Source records
━━━━━━━━━━

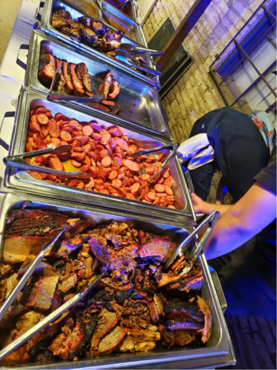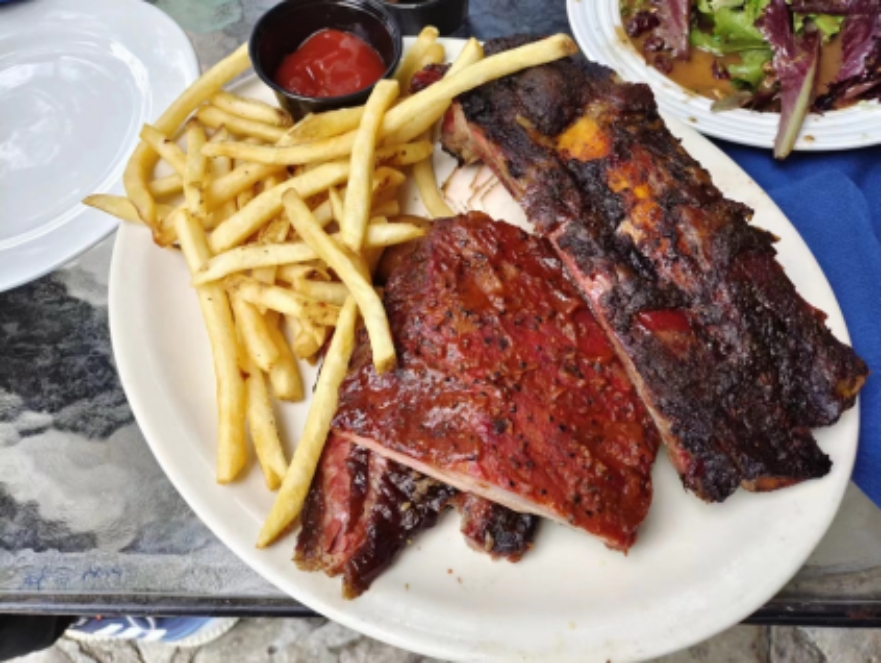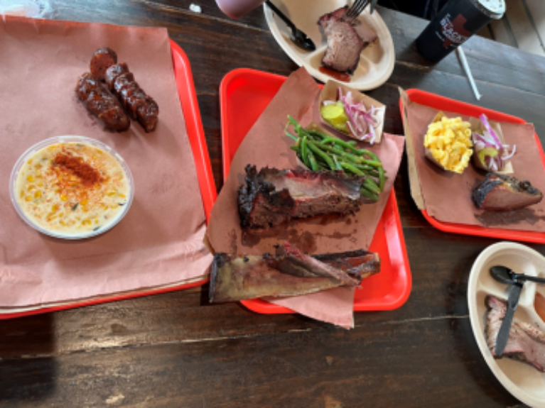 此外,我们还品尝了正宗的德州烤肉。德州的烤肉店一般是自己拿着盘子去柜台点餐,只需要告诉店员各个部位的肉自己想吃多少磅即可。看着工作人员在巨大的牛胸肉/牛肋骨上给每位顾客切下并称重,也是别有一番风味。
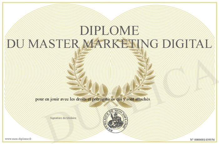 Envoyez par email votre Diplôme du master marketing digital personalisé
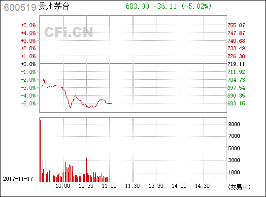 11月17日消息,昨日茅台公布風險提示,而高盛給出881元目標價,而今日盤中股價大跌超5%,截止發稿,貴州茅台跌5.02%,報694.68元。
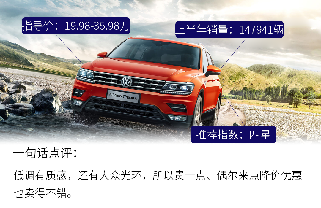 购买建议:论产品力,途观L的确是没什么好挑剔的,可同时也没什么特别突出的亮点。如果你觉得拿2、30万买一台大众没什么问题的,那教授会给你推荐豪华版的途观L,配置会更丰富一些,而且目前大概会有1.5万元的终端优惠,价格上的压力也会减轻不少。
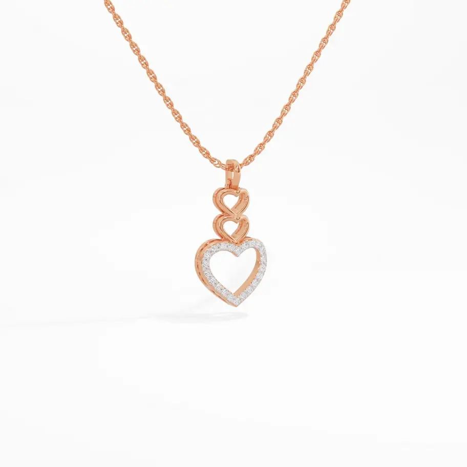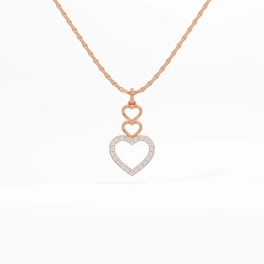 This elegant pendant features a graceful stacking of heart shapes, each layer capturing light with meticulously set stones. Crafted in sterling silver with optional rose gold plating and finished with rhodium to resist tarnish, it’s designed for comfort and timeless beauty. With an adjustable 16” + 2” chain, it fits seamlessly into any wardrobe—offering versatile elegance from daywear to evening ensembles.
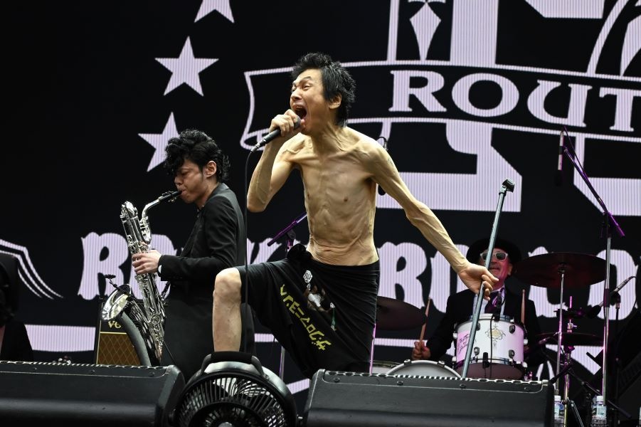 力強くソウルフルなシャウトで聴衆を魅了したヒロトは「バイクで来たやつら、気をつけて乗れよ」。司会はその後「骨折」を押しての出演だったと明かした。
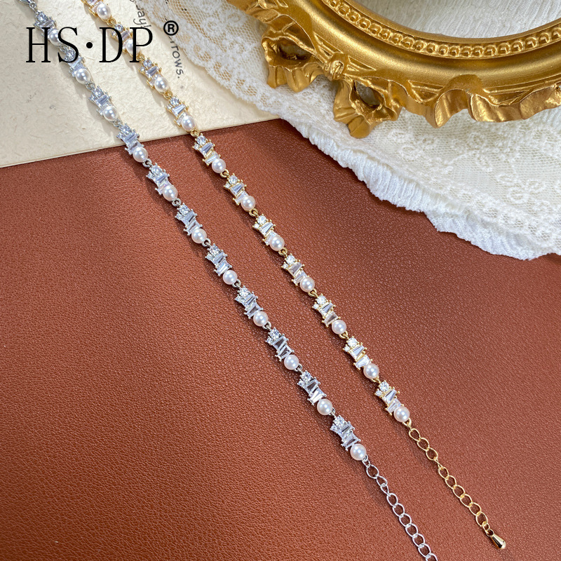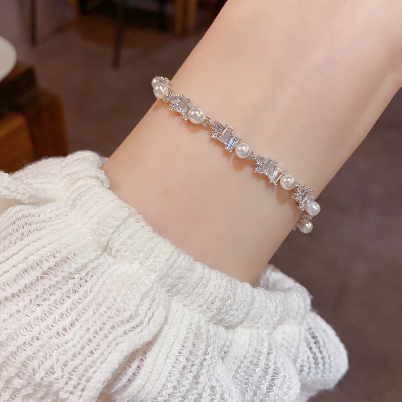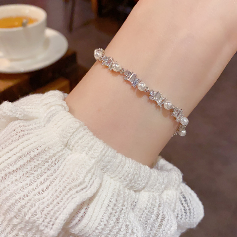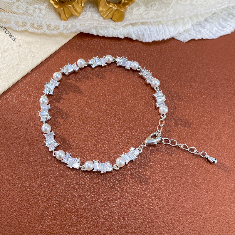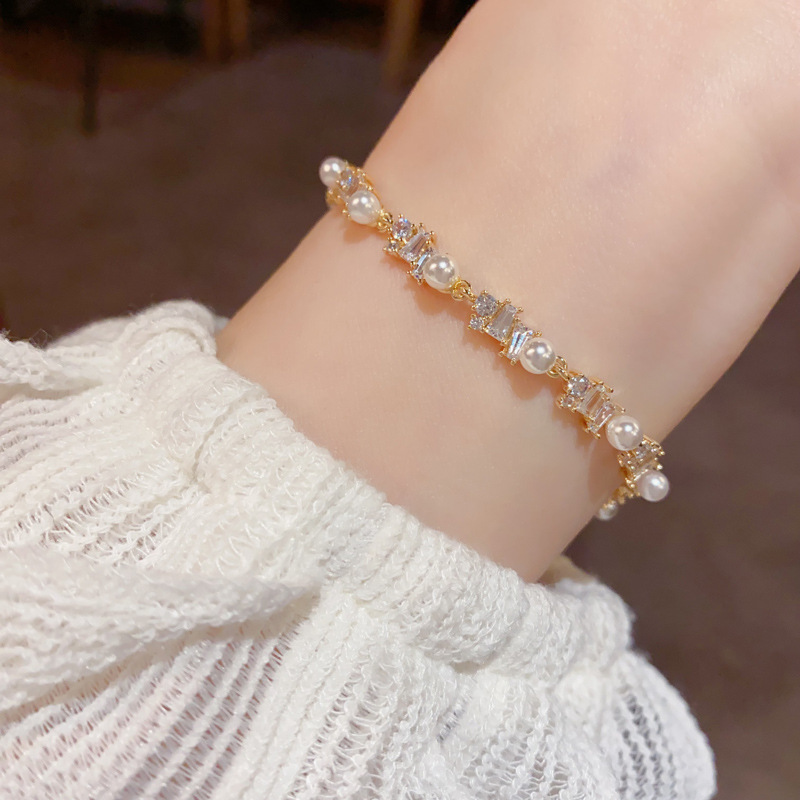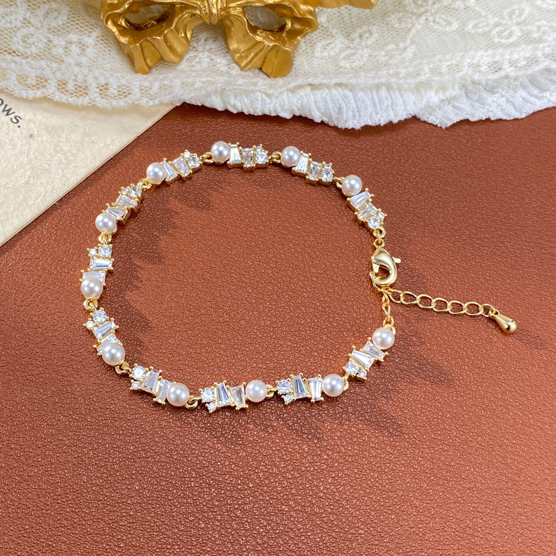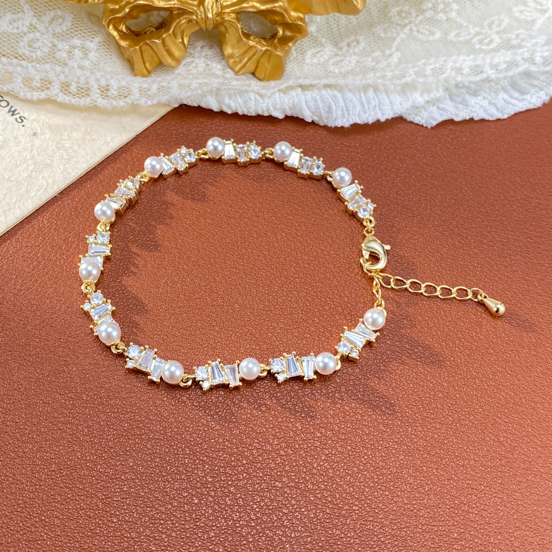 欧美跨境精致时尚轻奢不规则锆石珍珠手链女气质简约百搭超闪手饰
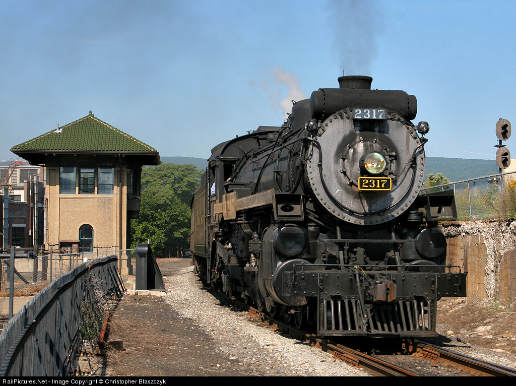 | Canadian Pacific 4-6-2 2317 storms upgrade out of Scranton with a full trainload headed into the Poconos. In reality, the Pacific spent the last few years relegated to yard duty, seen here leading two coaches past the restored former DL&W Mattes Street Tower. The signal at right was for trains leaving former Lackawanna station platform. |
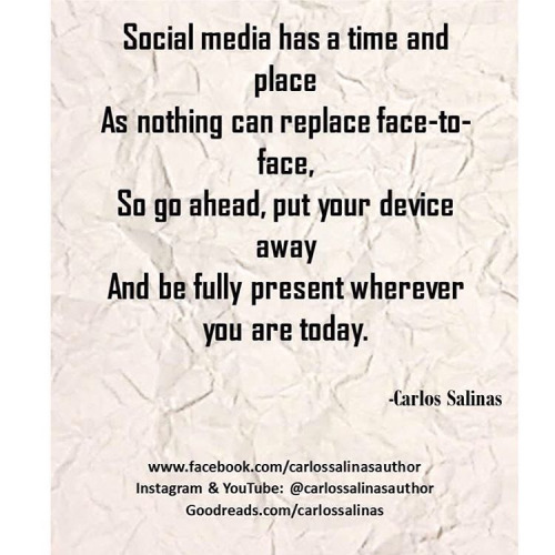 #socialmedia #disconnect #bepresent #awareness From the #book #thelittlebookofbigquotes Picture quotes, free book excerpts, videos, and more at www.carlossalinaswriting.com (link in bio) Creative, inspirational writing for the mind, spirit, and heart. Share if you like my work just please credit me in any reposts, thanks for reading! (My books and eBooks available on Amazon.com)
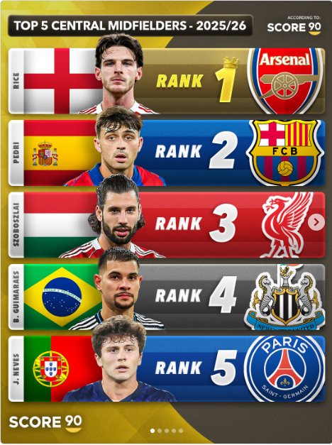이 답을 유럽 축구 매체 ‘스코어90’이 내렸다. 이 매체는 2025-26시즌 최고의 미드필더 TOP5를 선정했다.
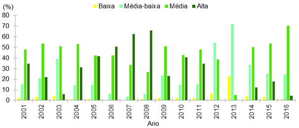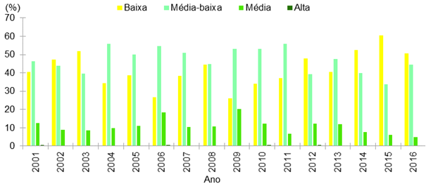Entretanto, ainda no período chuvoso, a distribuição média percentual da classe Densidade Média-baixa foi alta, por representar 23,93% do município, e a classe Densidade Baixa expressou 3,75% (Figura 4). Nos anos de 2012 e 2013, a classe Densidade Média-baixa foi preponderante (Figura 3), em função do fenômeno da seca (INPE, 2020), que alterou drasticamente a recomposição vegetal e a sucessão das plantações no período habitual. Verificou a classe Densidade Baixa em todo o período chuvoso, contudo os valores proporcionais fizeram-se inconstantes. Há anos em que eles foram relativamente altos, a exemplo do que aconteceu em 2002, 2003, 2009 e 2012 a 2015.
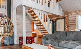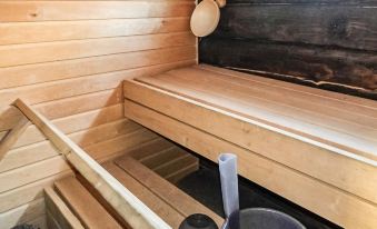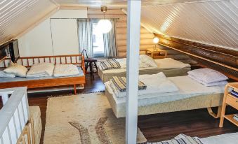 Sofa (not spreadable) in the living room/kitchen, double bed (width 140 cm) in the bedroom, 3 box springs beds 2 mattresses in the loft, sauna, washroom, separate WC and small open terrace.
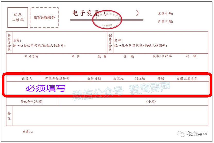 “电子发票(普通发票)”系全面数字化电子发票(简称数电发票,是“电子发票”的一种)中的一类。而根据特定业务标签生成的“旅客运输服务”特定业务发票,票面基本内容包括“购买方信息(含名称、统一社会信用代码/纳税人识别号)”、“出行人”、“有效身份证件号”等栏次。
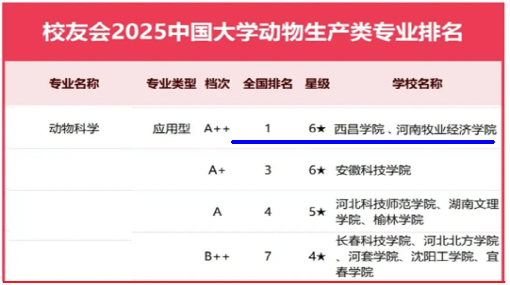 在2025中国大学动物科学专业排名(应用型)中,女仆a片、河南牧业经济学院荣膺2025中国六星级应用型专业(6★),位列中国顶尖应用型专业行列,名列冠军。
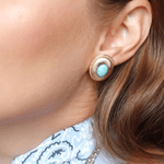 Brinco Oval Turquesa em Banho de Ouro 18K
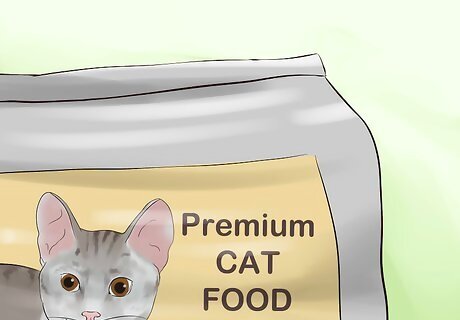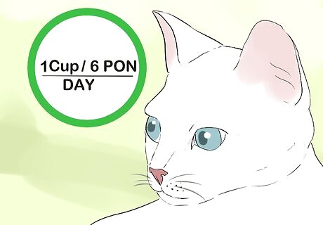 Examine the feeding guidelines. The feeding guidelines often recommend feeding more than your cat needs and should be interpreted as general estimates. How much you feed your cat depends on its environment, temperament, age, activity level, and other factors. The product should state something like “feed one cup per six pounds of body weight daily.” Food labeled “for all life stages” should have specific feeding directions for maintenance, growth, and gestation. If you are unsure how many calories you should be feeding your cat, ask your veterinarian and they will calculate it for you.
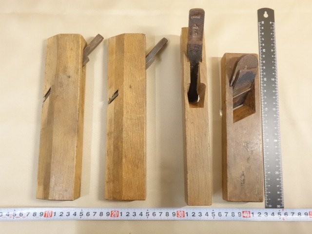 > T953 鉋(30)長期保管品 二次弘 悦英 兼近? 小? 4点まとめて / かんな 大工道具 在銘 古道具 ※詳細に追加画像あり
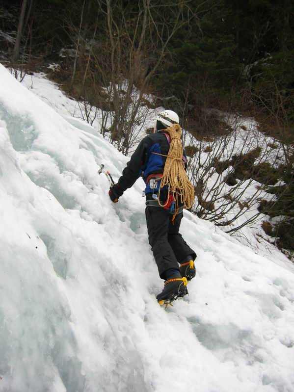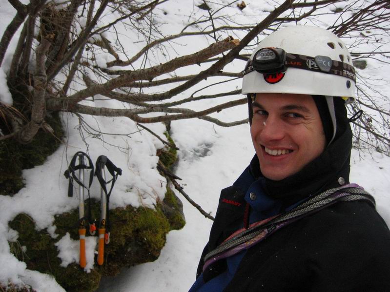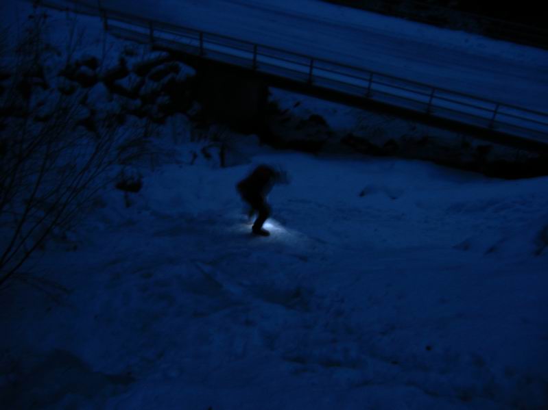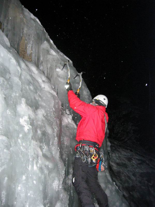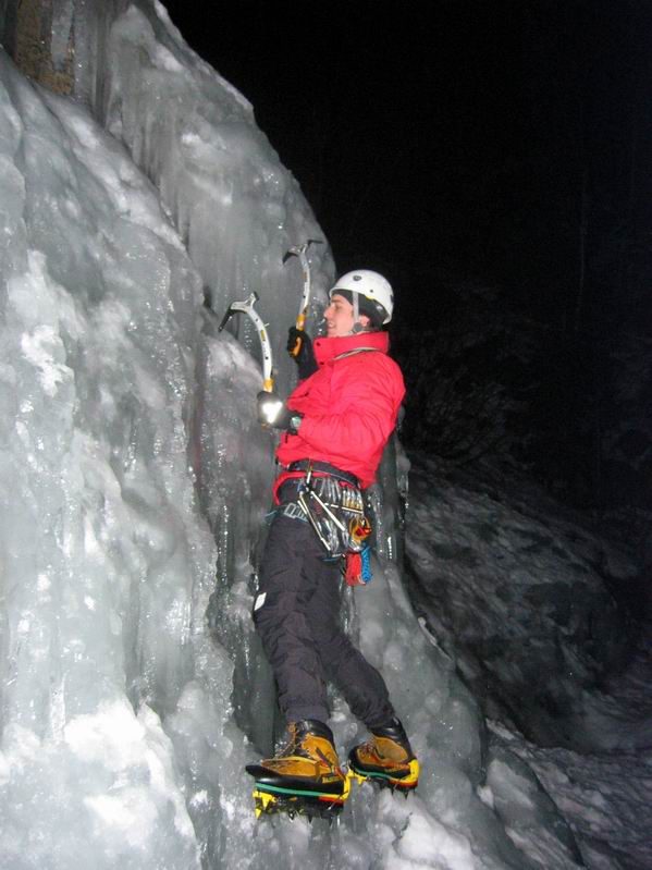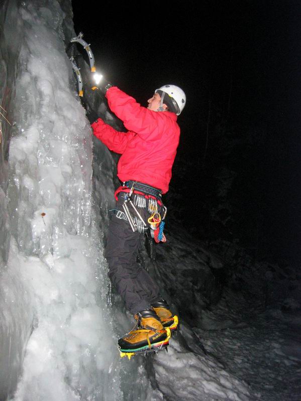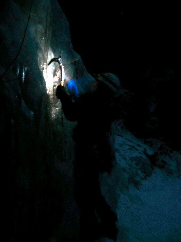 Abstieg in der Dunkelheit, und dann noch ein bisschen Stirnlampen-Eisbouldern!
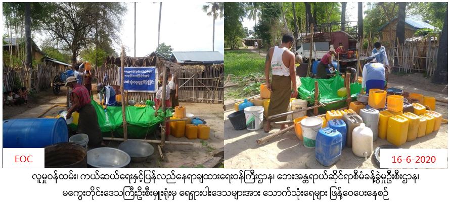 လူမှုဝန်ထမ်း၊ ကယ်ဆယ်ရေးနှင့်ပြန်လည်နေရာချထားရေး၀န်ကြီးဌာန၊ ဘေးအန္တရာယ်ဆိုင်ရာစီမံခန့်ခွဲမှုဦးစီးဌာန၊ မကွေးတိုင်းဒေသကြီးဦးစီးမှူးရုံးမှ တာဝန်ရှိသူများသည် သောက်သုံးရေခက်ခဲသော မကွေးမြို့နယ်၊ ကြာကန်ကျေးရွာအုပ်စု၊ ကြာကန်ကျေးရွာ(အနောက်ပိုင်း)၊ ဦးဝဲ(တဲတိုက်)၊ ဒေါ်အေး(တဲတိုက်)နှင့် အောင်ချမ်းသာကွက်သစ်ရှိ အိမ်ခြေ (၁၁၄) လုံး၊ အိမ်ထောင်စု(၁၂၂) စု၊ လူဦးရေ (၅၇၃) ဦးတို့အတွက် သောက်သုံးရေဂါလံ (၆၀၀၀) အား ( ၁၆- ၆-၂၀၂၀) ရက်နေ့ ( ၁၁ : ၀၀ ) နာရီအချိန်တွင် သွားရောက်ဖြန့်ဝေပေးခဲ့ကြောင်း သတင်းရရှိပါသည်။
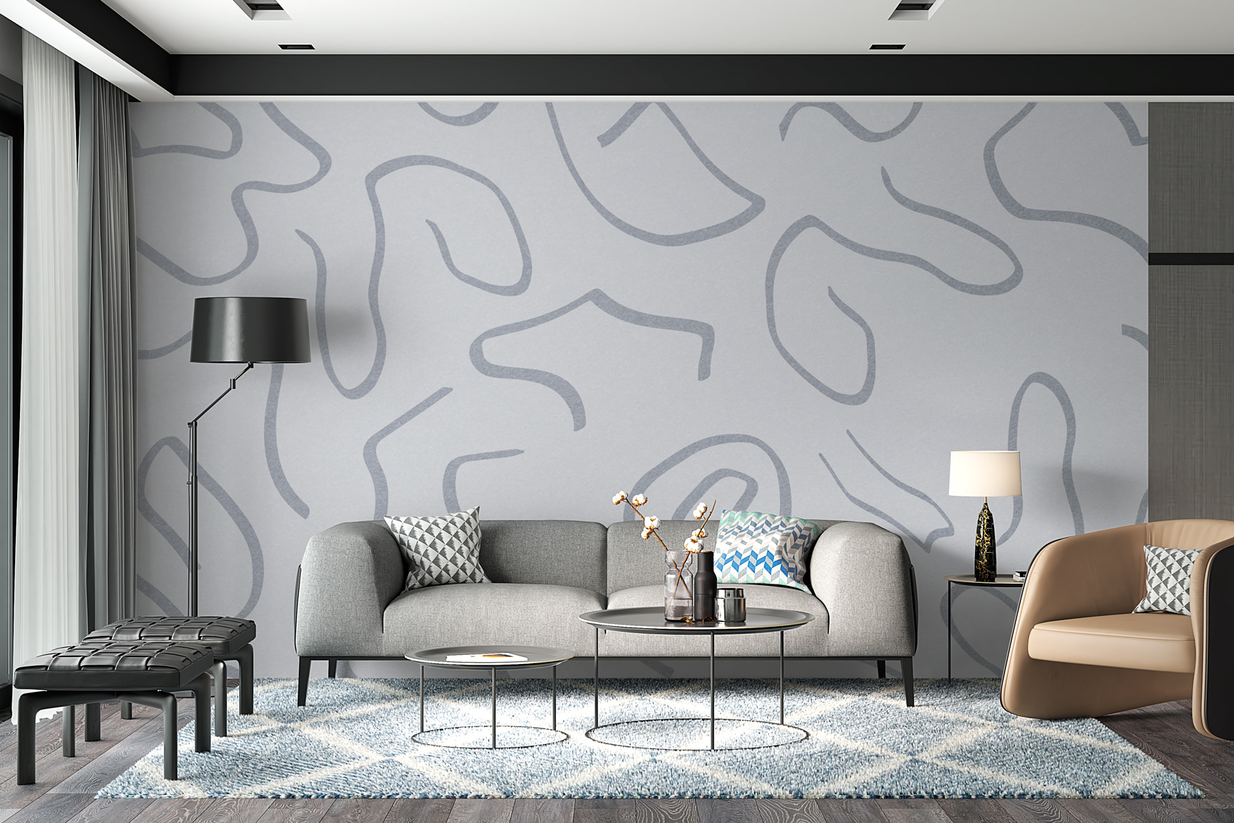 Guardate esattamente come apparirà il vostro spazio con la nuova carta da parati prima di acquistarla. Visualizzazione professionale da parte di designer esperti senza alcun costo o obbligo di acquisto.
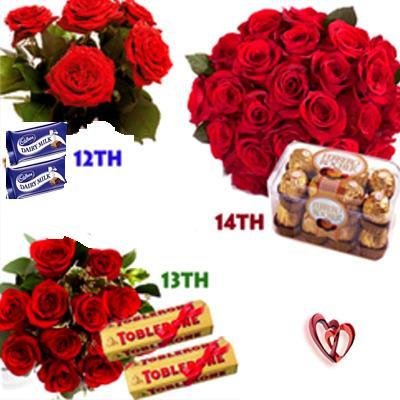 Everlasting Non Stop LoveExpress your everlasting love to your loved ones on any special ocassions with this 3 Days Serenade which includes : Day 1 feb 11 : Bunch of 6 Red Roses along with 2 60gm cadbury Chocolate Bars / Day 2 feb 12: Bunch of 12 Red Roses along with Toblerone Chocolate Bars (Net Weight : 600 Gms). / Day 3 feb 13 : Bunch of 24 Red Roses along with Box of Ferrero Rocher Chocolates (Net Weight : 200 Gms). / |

━━━━━━━━━━

# [Exercise]
From the line containing "#socialmedia #disconnect #bepresent" through the line containing "이 답을 유럽 축구 매체", copy every line above exactly, without pictures.

# [Result]
 #socialmedia #disconnect #bepresent #awareness From the #book #thelittlebookofbigquotes Picture quotes, free book excerpts, videos, and more at www.carlossalinaswriting.com (link in bio) Creative, inspirational writing for the mind, spirit, and heart. Share if you like my work just please credit me in any reposts, thanks for reading! (My books and eBooks available on Amazon.com)
이 답을 유럽 축구 매체 ‘스코어90’이 내렸다. 이 매체는 2025-26시즌 최고의 미드필더 TOP5를 선정했다.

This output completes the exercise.